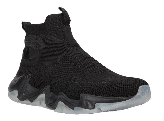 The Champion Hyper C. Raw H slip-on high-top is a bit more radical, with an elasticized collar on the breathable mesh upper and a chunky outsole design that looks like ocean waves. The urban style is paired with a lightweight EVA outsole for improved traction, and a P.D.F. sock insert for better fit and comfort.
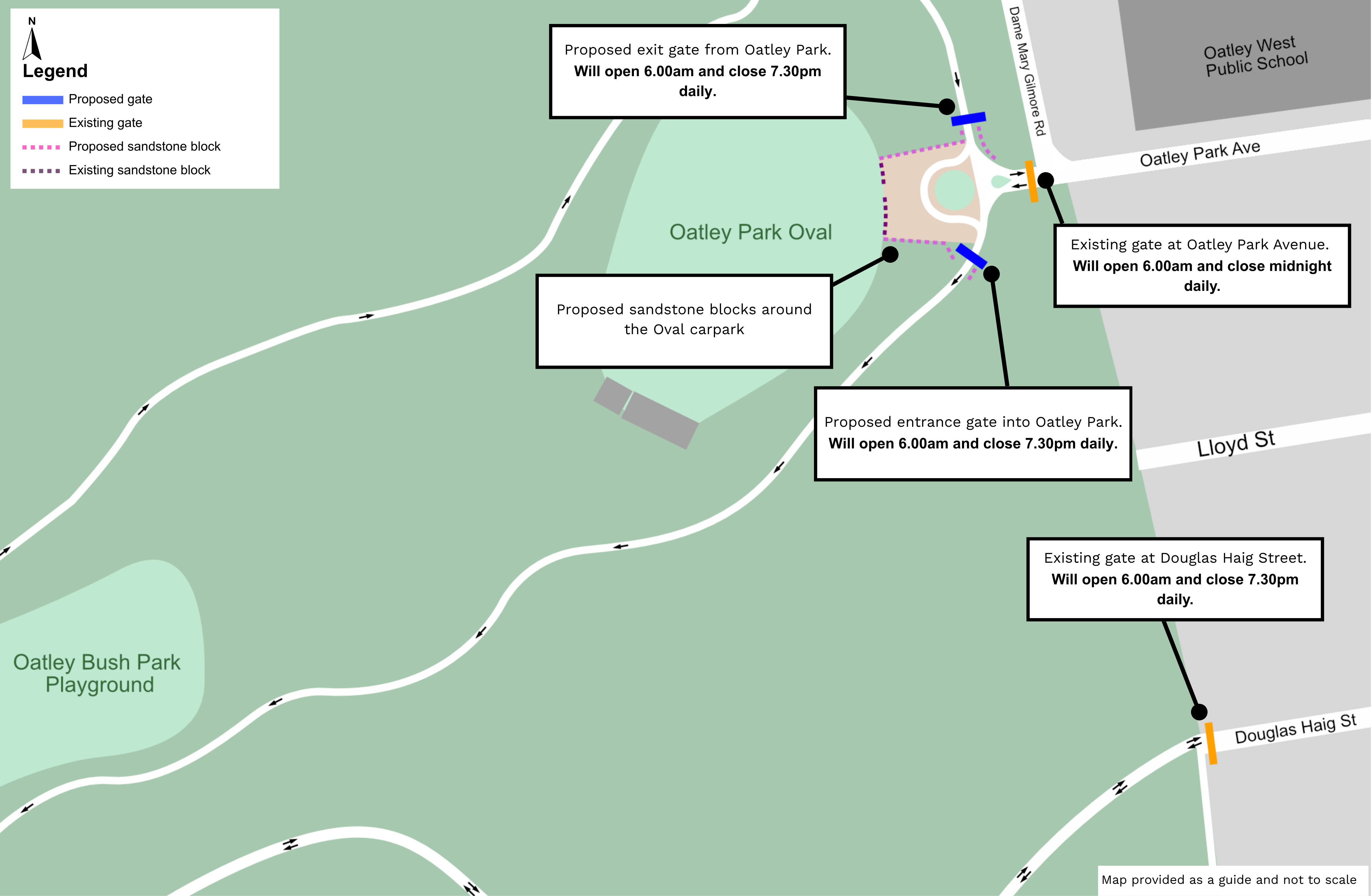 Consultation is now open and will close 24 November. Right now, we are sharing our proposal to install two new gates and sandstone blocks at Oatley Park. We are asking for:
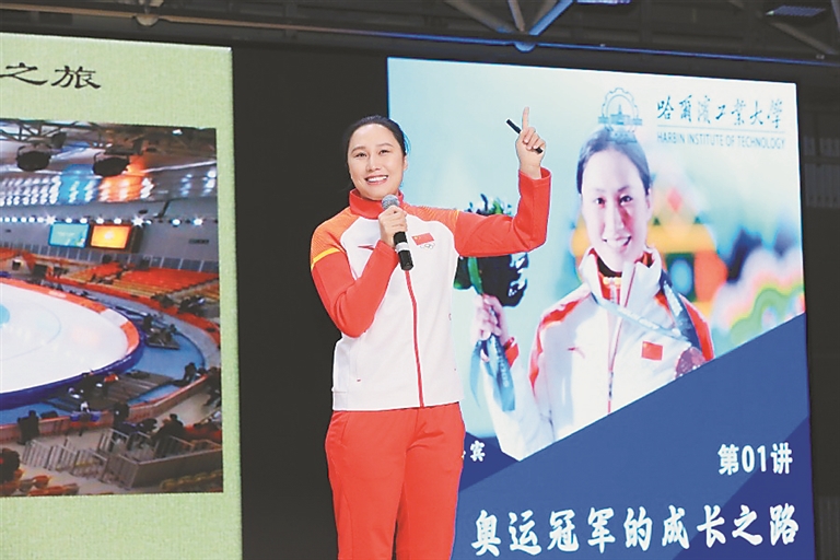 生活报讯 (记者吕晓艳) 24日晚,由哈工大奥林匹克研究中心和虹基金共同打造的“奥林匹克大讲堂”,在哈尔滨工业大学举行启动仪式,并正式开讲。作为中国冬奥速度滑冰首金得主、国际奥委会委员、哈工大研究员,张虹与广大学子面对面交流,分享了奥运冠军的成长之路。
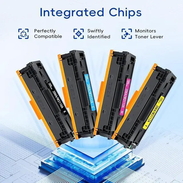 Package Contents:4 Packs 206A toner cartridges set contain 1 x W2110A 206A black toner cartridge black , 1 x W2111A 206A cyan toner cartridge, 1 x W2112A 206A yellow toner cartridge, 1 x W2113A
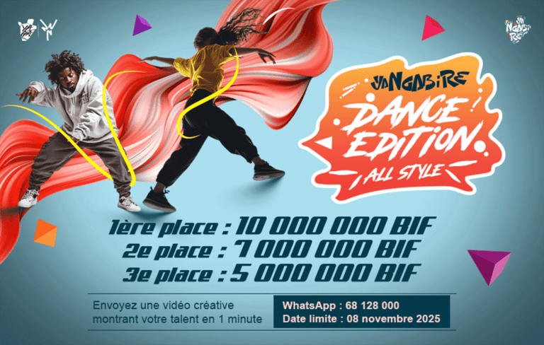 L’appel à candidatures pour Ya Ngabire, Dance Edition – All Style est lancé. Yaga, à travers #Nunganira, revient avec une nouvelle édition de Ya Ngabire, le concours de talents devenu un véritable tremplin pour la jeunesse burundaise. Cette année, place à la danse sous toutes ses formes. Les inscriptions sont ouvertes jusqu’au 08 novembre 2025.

══════════

◆ What you should do ◆
Each line of the data above should be reproduced without alteration, and no picture should appear in the copy.

◆ Solution to this exercise ◆
 The Champion Hyper C. Raw H slip-on high-top is a bit more radical, with an elasticized collar on the breathable mesh upper and a chunky outsole design that looks like ocean waves. The urban style is paired with a lightweight EVA outsole for improved traction, and a P.D.F. sock insert for better fit and comfort.
 Consultation is now open and will close 24 November. Right now, we are sharing our proposal to install two new gates and sandstone blocks at Oatley Park. We are asking for:
 生活报讯 (记者吕晓艳) 24日晚,由哈工大奥林匹克研究中心和虹基金共同打造的“奥林匹克大讲堂”,在哈尔滨工业大学举行启动仪式,并正式开讲。作为中国冬奥速度滑冰首金得主、国际奥委会委员、哈工大研究员,张虹与广大学子面对面交流,分享了奥运冠军的成长之路。
 Package Contents:4 Packs 206A toner cartridges set contain 1 x W2110A 206A black toner cartridge black , 1 x W2111A 206A cyan toner cartridge, 1 x W2112A 206A yellow toner cartridge, 1 x W2113A
 L’appel à candidatures pour Ya Ngabire, Dance Edition – All Style est lancé. Yaga, à travers #Nunganira, revient avec une nouvelle édition de Ya Ngabire, le concours de talents devenu un véritable tremplin pour la jeunesse burundaise. Cette année, place à la danse sous toutes ses formes. Les inscriptions sont ouvertes jusqu’au 08 novembre 2025.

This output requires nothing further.